▶ [ASSIGNED TASK] Would you copy exactly the lines in the data below from the one that has "實用新型:風扇式電加熱器專利303.9片" through the one that has "Designed with a", dropping any pictures?

Stored items from a collection:
|---|

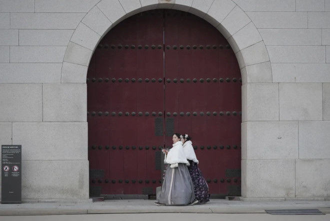 身著韓國穿統服飾(韓服)的遊客在首爾觀光景點光化門前散步。(美聯社)
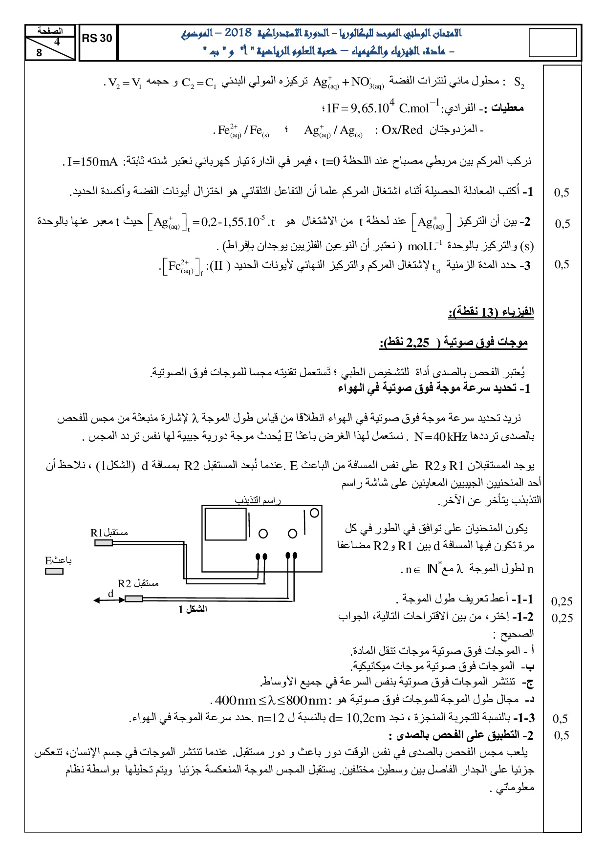 الفيزياء والكيمياء علوم رياضية 2018 الدورة الإستدراكية - الموضوع
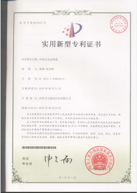 實用新型:風扇式電加熱器專利303.9片
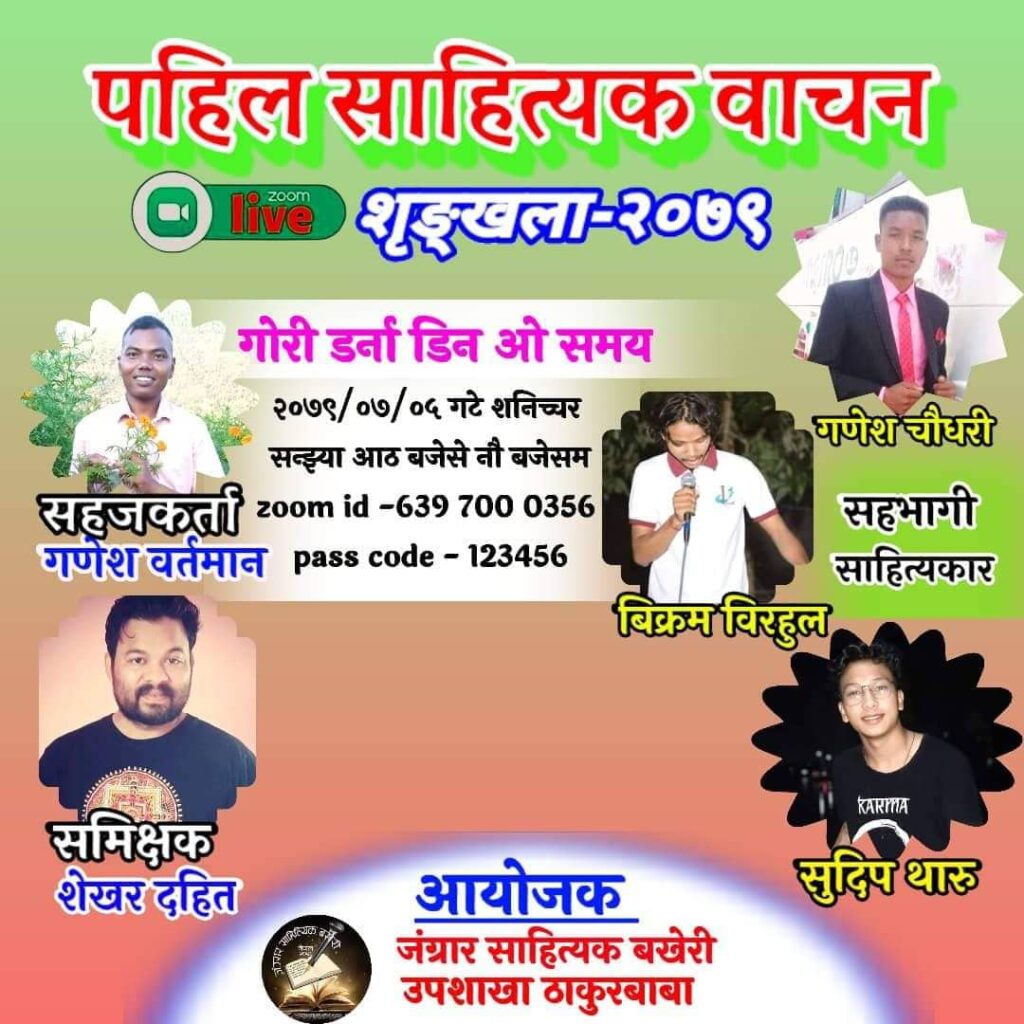 जंग्रार साहित्यिक बखेरी उपशाखा ठाकुरबाबक आयोजनामे अनलाइन जूमसे कार्यक्रम निम्जल हो। हर महिनक पहिल सनिच्चरके राटिक हुइना कार्यक्रममे स्रस्टाहुँक्रे बिक्रम बिरहुल, सुदीप थारू ओ गणेश चौधरी रहल रहितट स्रस्टाहुँक्रनके वाचन करल बत्कोहीक समीक्षा आख्यानकार शेखर दहित करले रहित कलसे सहजकर्ता गणेश बर्तमान रहित।
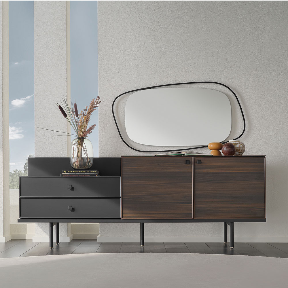 Designed with a unique combination of dark walnut and matte black, PARMA SIDEBOARD takes its place in the most modern living spaces! Offering a look suitable for every space with its contemporary design, PARMA SIDEBOARD promises long-term use with its strong design. PARMA SIDEBOARD reveals its unique design with the details on its feet, doors and drawers.
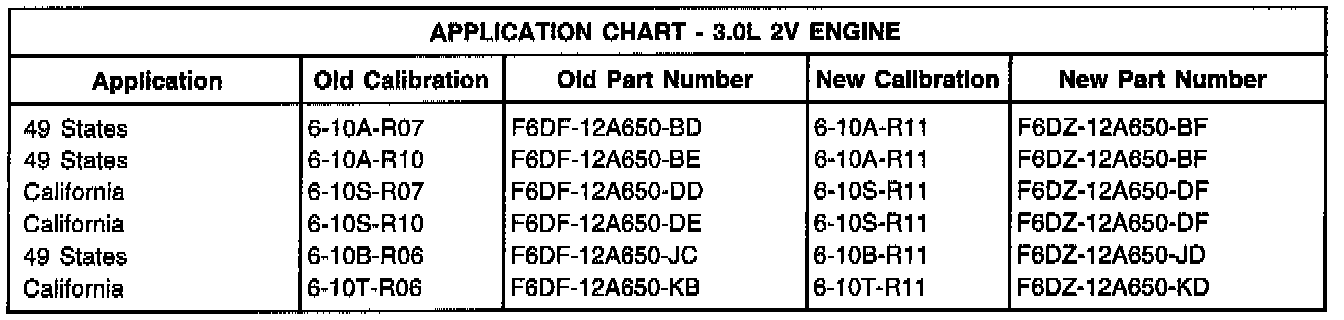 2. If no codes are present, reprogram the PCM by following the Service Bay Diagnostic System (SBDS) reprogramming tool, February 1996 CD-ROM release or later. If SBDS is not available, replace the PCM. Dealers with SBDS are required to reprogram the PCM with the appropriate calibration per the following Application Chart. Only non-SBDS dealers are permitted to replace the PCM. Refer to the following Application Chart for correct calibration or part number.
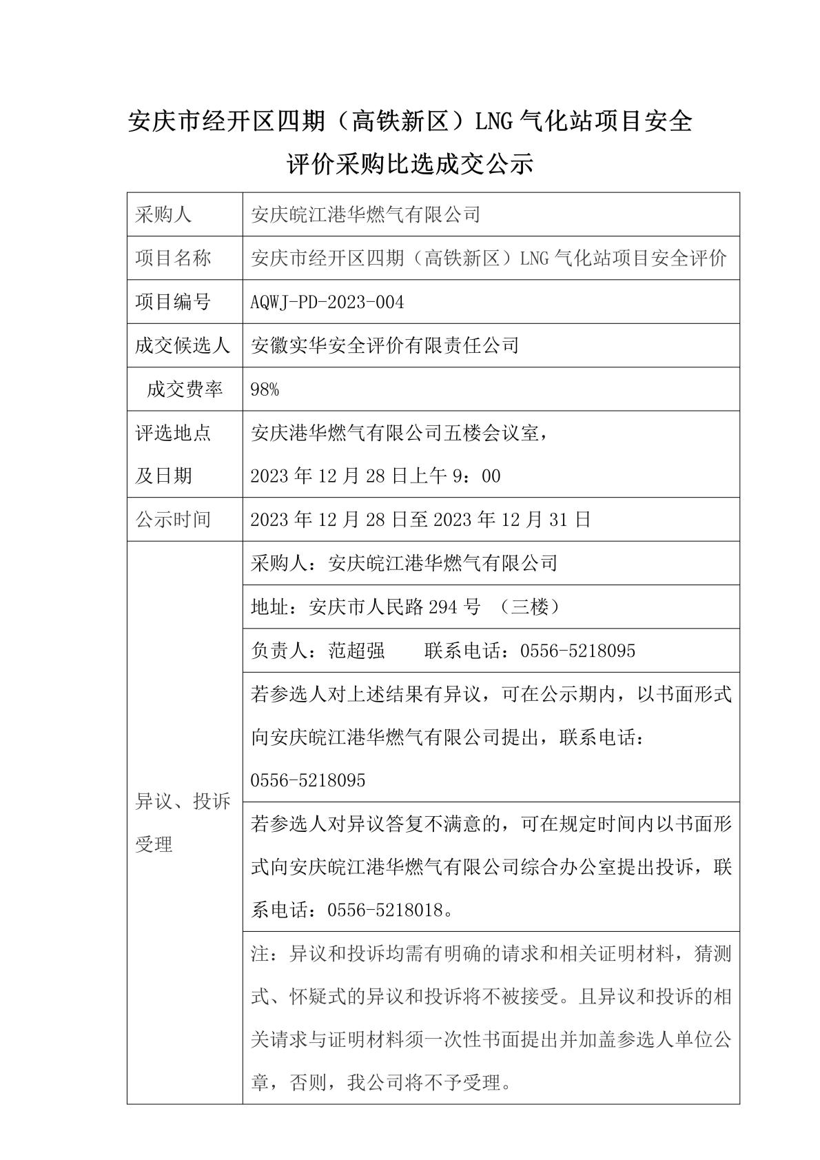 安慶市經(jīng)開區(qū)四期(高鐵新區(qū))LNG氣化站項目安全評價采購比選成交公示
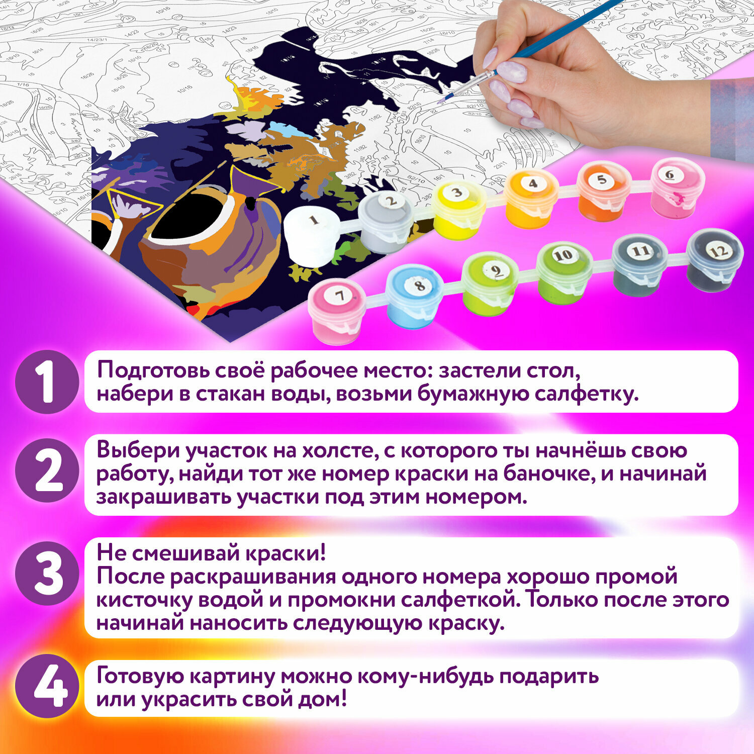 | Особенности | быстросохнущие краски / кисти в комплекте / краски в комплекте / с цифрами / со смешиванием красок |
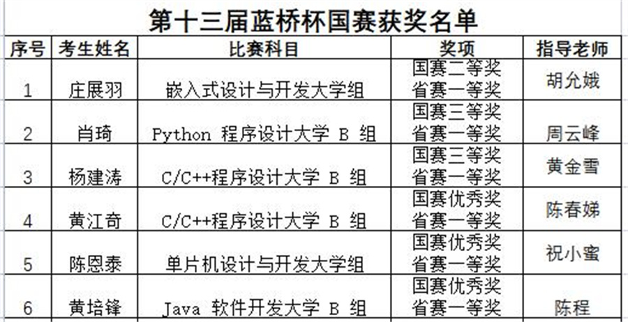 据悉,由工业和信息化部人才交流中心主办的第十三届蓝桥杯全国软件和信息技术专业人才大赛个人赛国赛(以下简称“蓝桥杯大赛国赛”)于2022年6月18日在公司举行。公司信息技术与工程公司和太阳成集团tyc41183的陈恩泰、庄展羽、杨建涛、黄江奇、黄培锋、肖琦6位同学于2022年4月9日获得大赛个人赛省赛“一等奖”,并且晋级全国赛;6位同学在全国比赛中,他们的比赛热情带动着身边的同学努力学习专业课,也通过专业竞赛验证自己的学习成效,在实战中提升自己。最终,庄展羽同学荣获嵌入式设计与开发大学组二等奖、杨建涛同学荣获C/C++程序设计大学 B 组三等奖、肖琦同学荣获Python 程序设计大学 B 组三等奖、黄江奇同学荣获C/C++程序设计大学 B 组优秀奖、黄培锋同学荣获Java 软件开发大学 B 组优秀奖、陈恩泰同学荣获单片机设计与开发大学组优秀奖。
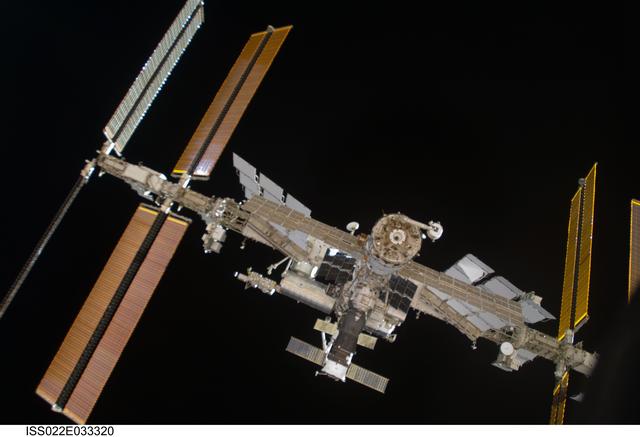 ISS022-E-033320 (21 Jan. 2010) --- The International Space Station is featured in this image photographed by a crew member on the Soyuz TMA-16 spacecraft during the relocation of the Soyuz from the Zvezda Service Module’s aft port to the Poisk module. Russian cosmonaut Maxim Suraev, Soyuz commander and Expedition 22 flight engineer; along with NASA astronaut Jeffrey Williams, Expedition 22 commander, undocked the Soyuz spacecraft at 4:03 a.m. (CST) and docked it to Poisk at 4:24 a.m. on Jan. 21, 2010.
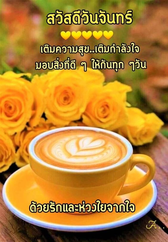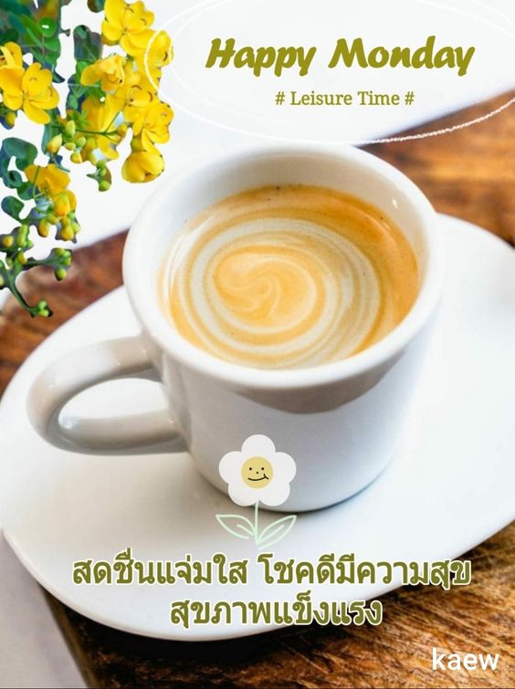 รูปภาพสวัสดีตอนเช้าวันจันทร์ กาแฟร้อนๆ ยามเช้า พร้อมคำอวยพร
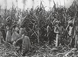 طرحت قوانين إلغاء العبودية في المستعمرات الأوربية سنة 1834 مشكلة في عملية إنتاج السكر، وهي من العمليات الإنتاجية التي كانت تعتمد بشكل كبير على الرقيق.[6][13] لينشأ طلب على أيدي عاملة رخيصة، في حين كان الرقيق يتفاوضون على أجور أعلى وظروف معيشية أفضل. وكنتيجة لذلك تصورت الحكومة البريطانية خطة بديلة في إحلال قوى عاملة من أنحاء محتلفة في العالم بالقوة العاملة الإفريقية. وأحضرت الموجة الأولى من العاملين الزراعيين بعض الجزر البرتغالية مثل جزر ماديرا إضافة إلى رقيق من الولايات المتحدة وفقراء من الصين.[14] وعلى الرغم من تغير إثنيات العمال إلا أن ظروف المعيشة بقيت صعبة وفي النهاية لم يستطع العمال أن يصمدوا في زراعة كاسافا والإقامة.[11]
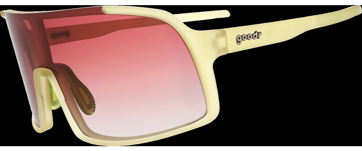 Turn heads in these chartreuse Astro Gs with a rose gradient lens. These no-slip, no-bounce shield sunglasses are perfect for crushing workouts, weekend adventures, or looking like a snack anytime of day.

|---|

▶ [YOUR RESPONSE]
 實用新型:風扇式電加熱器專利303.9片
 जंग्रार साहित्यिक बखेरी उपशाखा ठाकुरबाबक आयोजनामे अनलाइन जूमसे कार्यक्रम निम्जल हो। हर महिनक पहिल सनिच्चरके राटिक हुइना कार्यक्रममे स्रस्टाहुँक्रे बिक्रम बिरहुल, सुदीप थारू ओ गणेश चौधरी रहल रहितट स्रस्टाहुँक्रनके वाचन करल बत्कोहीक समीक्षा आख्यानकार शेखर दहित करले रहित कलसे सहजकर्ता गणेश बर्तमान रहित।
 Designed with a unique combination of dark walnut and matte black, PARMA SIDEBOARD takes its place in the most modern living spaces! Offering a look suitable for every space with its contemporary design, PARMA SIDEBOARD promises long-term use with its strong design. PARMA SIDEBOARD reveals its unique design with the details on its feet, doors and drawers.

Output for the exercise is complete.